_About this exercise_
Reproduce the listing below character for character; drop every image.

_Information supplied_
━━━━━━━━━━
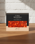 Patiently aged for 4 to 5 months, each batch is meticulously monitored to guarantee a perfect balance of flavours and a rich, savoury taste that will transport your senses to the heart of Spain.
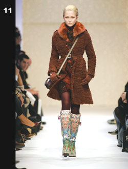 时装向来是时尚的主流,主导着整个时尚界的风向标。无论是靴子、包包、首饰还是彩妆、造型的流行趋势,都要顺应时装的流行趋势。显然,圣洛朗、GUCCI、爱马仕等顶级品牌的人事变动,并没有给时尚界带来太大的振荡,2005年是国际时装界稳步发展的一年。
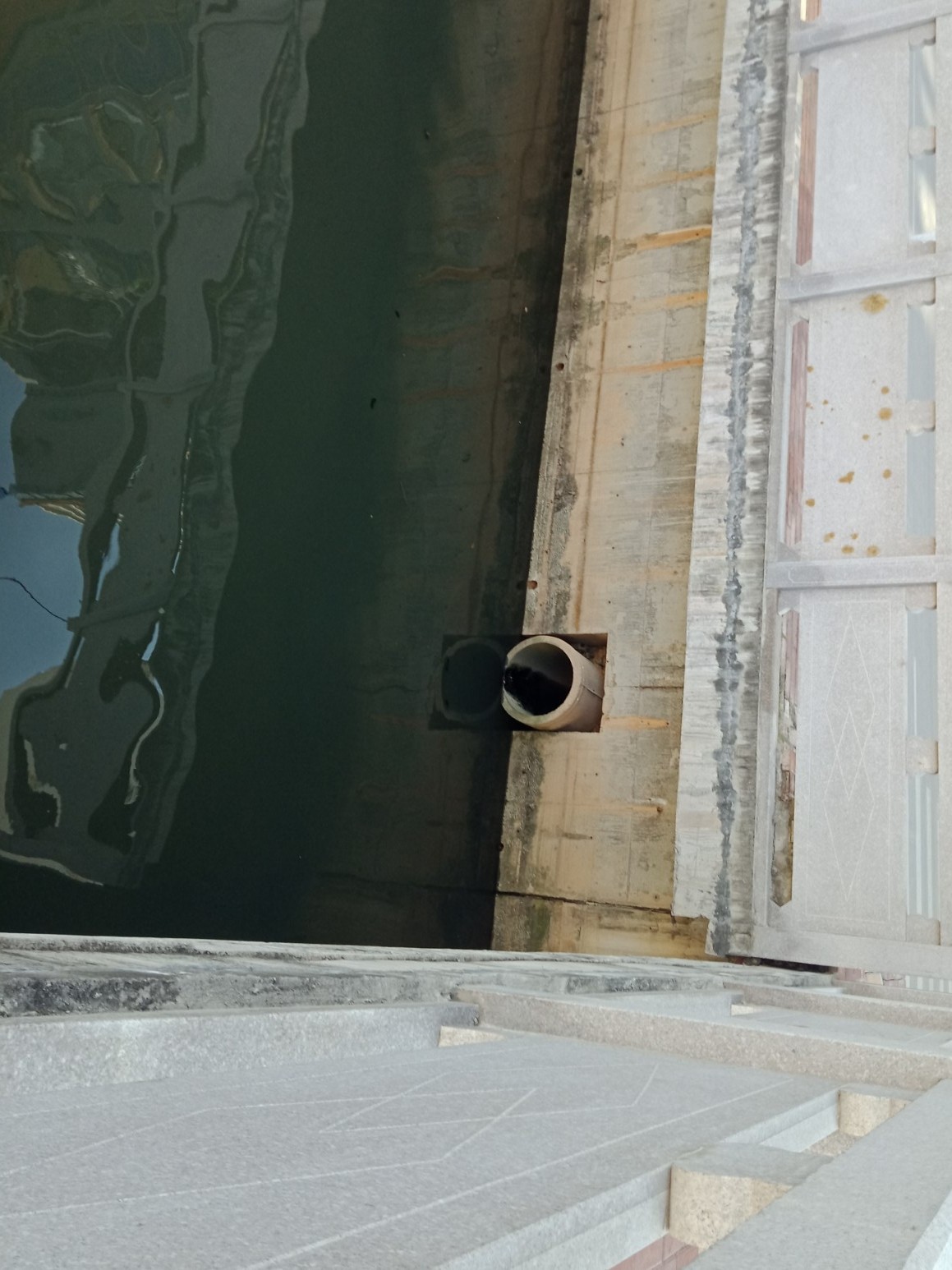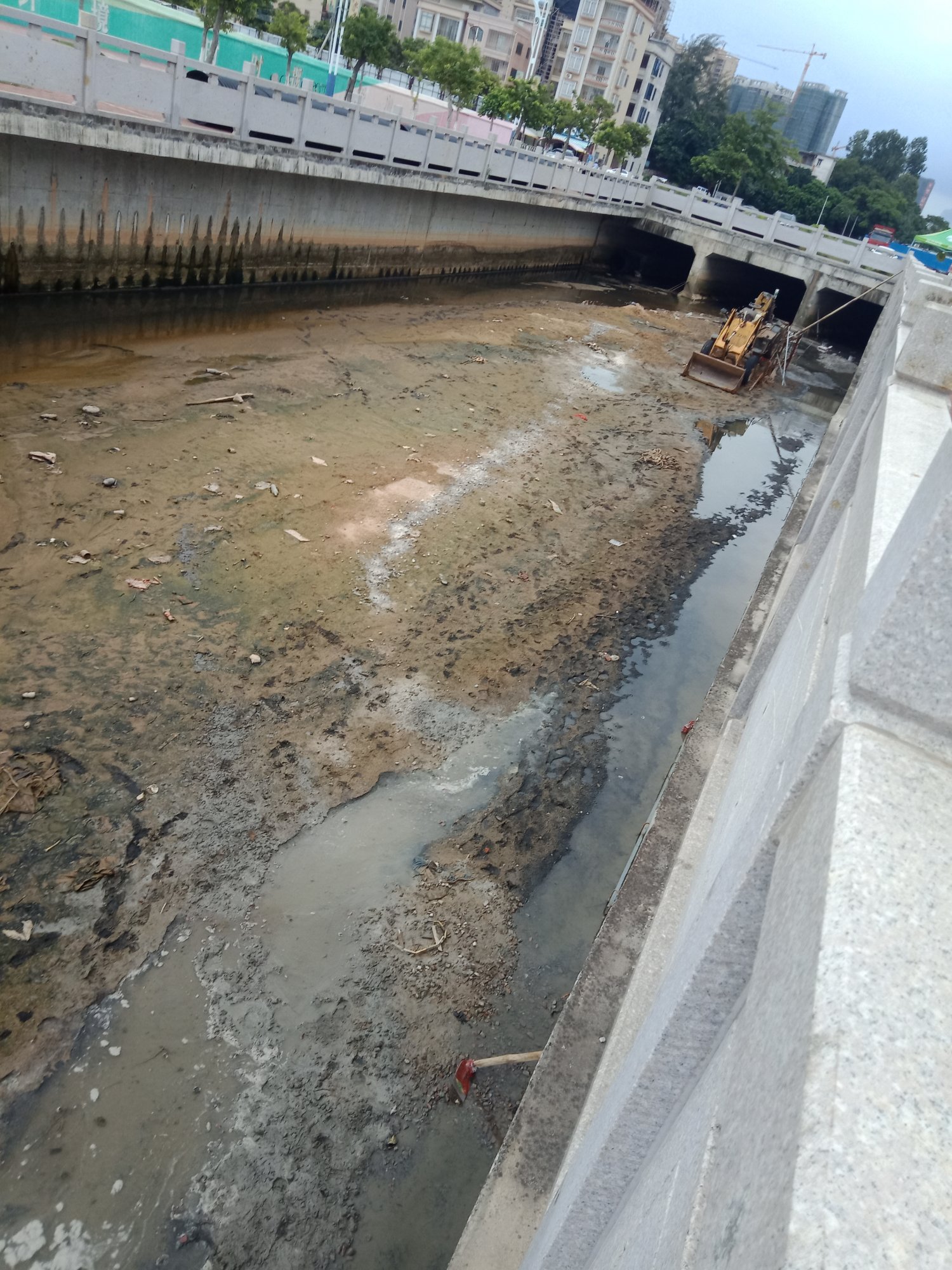 找出排到此处的排污水源臭水体,阻隔堵留引去排污管等,彻底清理河道下面的污泥,此河道底看图,工人站在底下诂是水泥硬底,应容易清理。
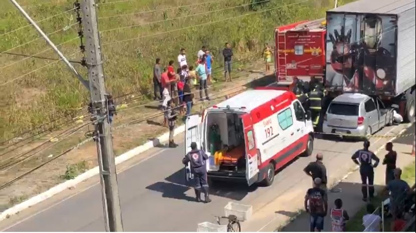 Em um vídeo, que registrou o momento do resgate, é possível ver que parte do carro ficou por baixo da traseira do caminhão. Ainda não há informações sobre o que causou o acidente.
━━━━━━━━━━
_Output for this exercise_
 Patiently aged for 4 to 5 months, each batch is meticulously monitored to guarantee a perfect balance of flavours and a rich, savoury taste that will transport your senses to the heart of Spain.
 时装向来是时尚的主流,主导着整个时尚界的风向标。无论是靴子、包包、首饰还是彩妆、造型的流行趋势,都要顺应时装的流行趋势。显然,圣洛朗、GUCCI、爱马仕等顶级品牌的人事变动,并没有给时尚界带来太大的振荡,2005年是国际时装界稳步发展的一年。
 找出排到此处的排污水源臭水体,阻隔堵留引去排污管等,彻底清理河道下面的污泥,此河道底看图,工人站在底下诂是水泥硬底,应容易清理。
 Em um vídeo, que registrou o momento do resgate, é possível ver que parte do carro ficou por baixo da traseira do caminhão. Ainda não há informações sobre o que causou o acidente.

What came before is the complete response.